# What to work on:
Write out the records in full and without alteration, setting aside their pictures.

Stored items:
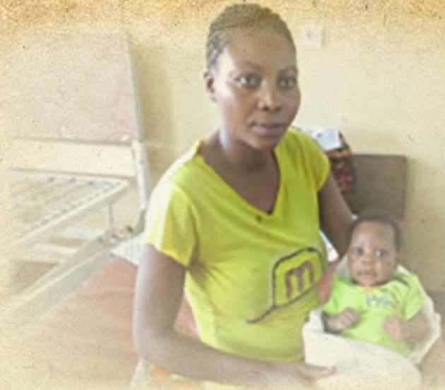
Democratic Republic of Congo, Well for PAX Clinic

PAX is a medical center for women that operates under a collaborative mission between the Congo Presbyterian Church and the Congo Mennonite Church. To reduce the scarcity of drinkable water for the center, the Thank Offering will fund a drill-hole well. Pregnant women and newborns, as well as the surrounding populations, will benefit from the prevention of waterborne diseases, improved hospital hygiene and the saved cost of buying water.
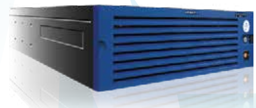
StoneFly DR365V™ appliance
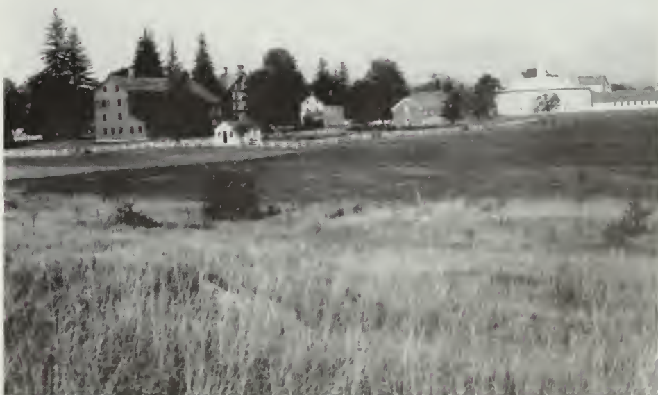
The fact that a property has religious connotations does not automatically disqualify it for inclusion in the National Register. This Shaker community in Massachusetts, for example, while religious in orientation, is included in the Register because it expresses the cultural values of the Shakers as a society.
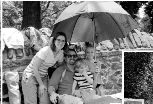
Flea Market Day at Overington
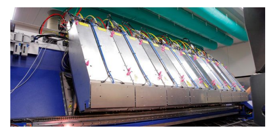
Die Boxen mit den Optiken sind in einer Brücke untergebracht, die die Förderstrecke überspannt.

# Written answer:
Democratic Republic of Congo, Well for PAX Clinic

PAX is a medical center for women that operates under a collaborative mission between the Congo Presbyterian Church and the Congo Mennonite Church. To reduce the scarcity of drinkable water for the center, the Thank Offering will fund a drill-hole well. Pregnant women and newborns, as well as the surrounding populations, will benefit from the prevention of waterborne diseases, improved hospital hygiene and the saved cost of buying water.
StoneFly DR365V™ appliance
The fact that a property has religious connotations does not automatically disqualify it for inclusion in the National Register. This Shaker community in Massachusetts, for example, while religious in orientation, is included in the Register because it expresses the cultural values of the Shakers as a society.
Flea Market Day at Overington
Die Boxen mit den Optiken sind in einer Brücke untergebracht, die die Förderstrecke überspannt.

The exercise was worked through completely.